Code concepts/interpretations/topk_inputs.py

Implementation of the Top-K Inputs concept interpretation method also called MaxAct, or CMAW. It associate to each concept the inputs that activates it the most. It is the most natural way to interpret a concept, as it is the most natural way to explain a concept. Hence several papers used it without describing it. Nonetheless, we can reference Bricken et al. (2023) 1 from Anthropic for their post on transformer-circuits.

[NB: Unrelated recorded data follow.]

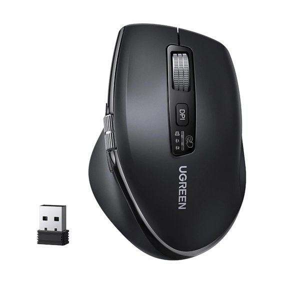 Myszka Ugreen bezprzewodowa optyczna - czarna łączy wielotrybową łączność 2.4G i Bluetooth 5.4, zapewniając swobodę pracy na kilku urządzeniach jednocześnie. Szeroki zakres DPI od 1000 do 5000 umożliwia precyzyjne dopasowanie czułości do zadań biurowych i analitycznych, a szybkie przewijanie ułatwia pracę z dużą ilością danych. Dodatkowe boczne pokrętło pozwala na wygodne przewijanie w poziomie, zwiększając efektywność użytkowania. Ciche przyciski i trwała konstrukcja poprawiają komfort pracy. To funkcjonalna mysz stworzona z myślą o codziennym wykorzystaniu w wielu środowiskach systemowych.
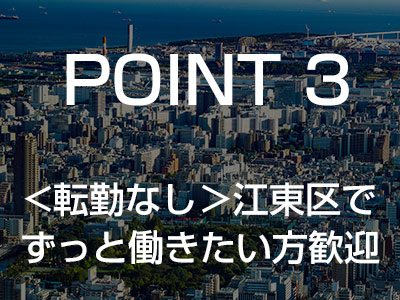 現在、「東陽町」「大島」「門前仲町」の駅近3つの支店から、江東区内の常時約300名のご利用者様の生活を支える役割を担っております。
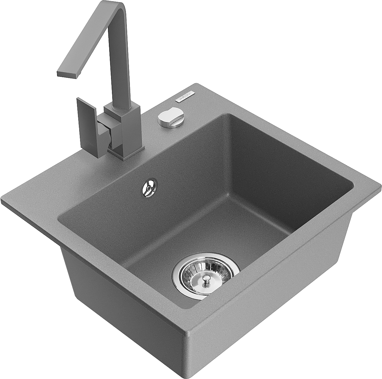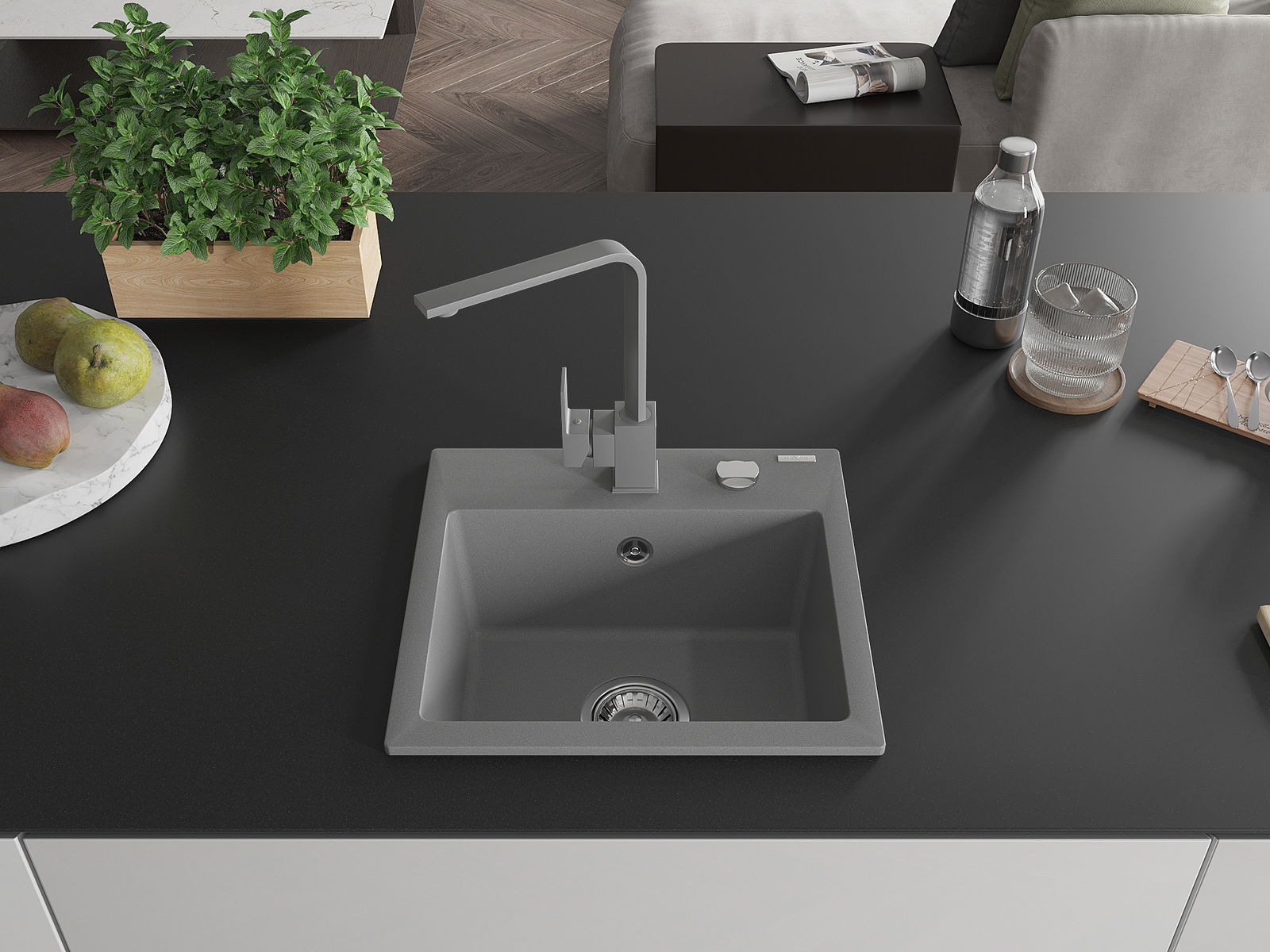 Mexen Milo νεροχύτης γρανίτης με 1 θάλαμο και μπαταρία κουζίνας Ρίτα, γκρι

  1. Trenton Bricken, Adly Templeton, Joshua Batson, Brian Chen, Adam Jermyn*, Tom Conerly, Nicholas L Turner, Cem Anil, Carson Denison, Amanda Askell, Robert Lasenby, Yifan Wu, Shauna Kravec, Nicholas Schiefer, Tim Maxwell, Nicholas Joseph, Alex Tamkin, Karina Nguyen, Brayden McLean, Josiah E Burke, Tristan Hume, Shan Carter, Tom Henighan, Chris Olah Towards Monosemanticity: Decomposing Language Models With Dictionary Learning Transformer Circuits, 2023. 

Parameters:

Name Type Description Default

concept_explainer

ConceptEncoderExplainer

The concept explainer built on top of a ModelWithSplitPoints.

required

activation_granularity

ActivationGranularity

The granularity of the activations to use for the interpretation. See :method:interpreto.concepts.splitters.model_with_split_points.ModelWithSplitPoints.get_activations for more details.

None

aggregation_strategy

GranularityAggregationStrategy

The aggregation strategy to use for the activations. See :method:interpreto.concepts.splitters.model_with_split_points.ModelWithSplitPoints.get_activations for more details.

MEAN

concept_encoding_batch_size

int

The batch size to use for the concept encoding.

1024

k

int

The number of inputs to use for the interpretation.

5

use_vocab

bool

If True, the interpretation will be computed from the vocabulary of the model.

False

use_unique_words

bool

If True, the interpretation will be computed from the unique words of the inputs. Incompatible with use_vocab=True. Default unique words selects all different word from the input. It can be tuned through the unique_words_kwargs argument.

0

unique_words_kwargs

dict

The kwargs to pass to the extract_ngrams function. See extract_ngrams for more details. Possible arguments are count_min_threshold, lemmatize, words_to_ignore.

{}

Examples:

Minimal example, finding the topk tokens activating a neuron:

>>> from transformers import AutoModelForCausalLM
>>>
>>> from interpreto import ModelWithSplitPoints
>>> from interpreto.concepts import NeuronsAsConcepts, TopKInputs
>>>
>>> # load and split the the GPT2 model
>>> mwsp = ModelWithSplitPoints(
...     "gpt2",
...     split_point=11,           # split at the 12th layer
...     automodel=AutoModelForCausalLM,
...     device_map="auto",
...     batch_size=2048,
... )
>>>
>>> # Use `NeuronsAsConcepts` to use the concept-based pipeline with neurons
>>> concept_explainer = NeuronsAsConcepts(mwsp)
>>>
>>> method = TopKInputs(
...     concept_explainer=concept_explainer,
...     use_vocab=True,             # use the vocabulary of the model and test all tokens (50257 with GPT2)
...     k=10,                       # get the top 10 tokens for each neuron
... )
>>>
>>> topk_tokens = method.interpret(
...     concepts_indices="all",     # interpret the three first neurons of the 7th layer
... )
>>>
>>> print(list(topk_tokens[1].keys()))
['hostages', 'choke', 'infring', 'herpes', 'nuns', 'phylogen', 'watched', 'alitarian', 'tattoos', 'fisher']
>>> # Results are not interpretable, due to superposition and such.
>>> # This is why we use dictionary to find concept direction!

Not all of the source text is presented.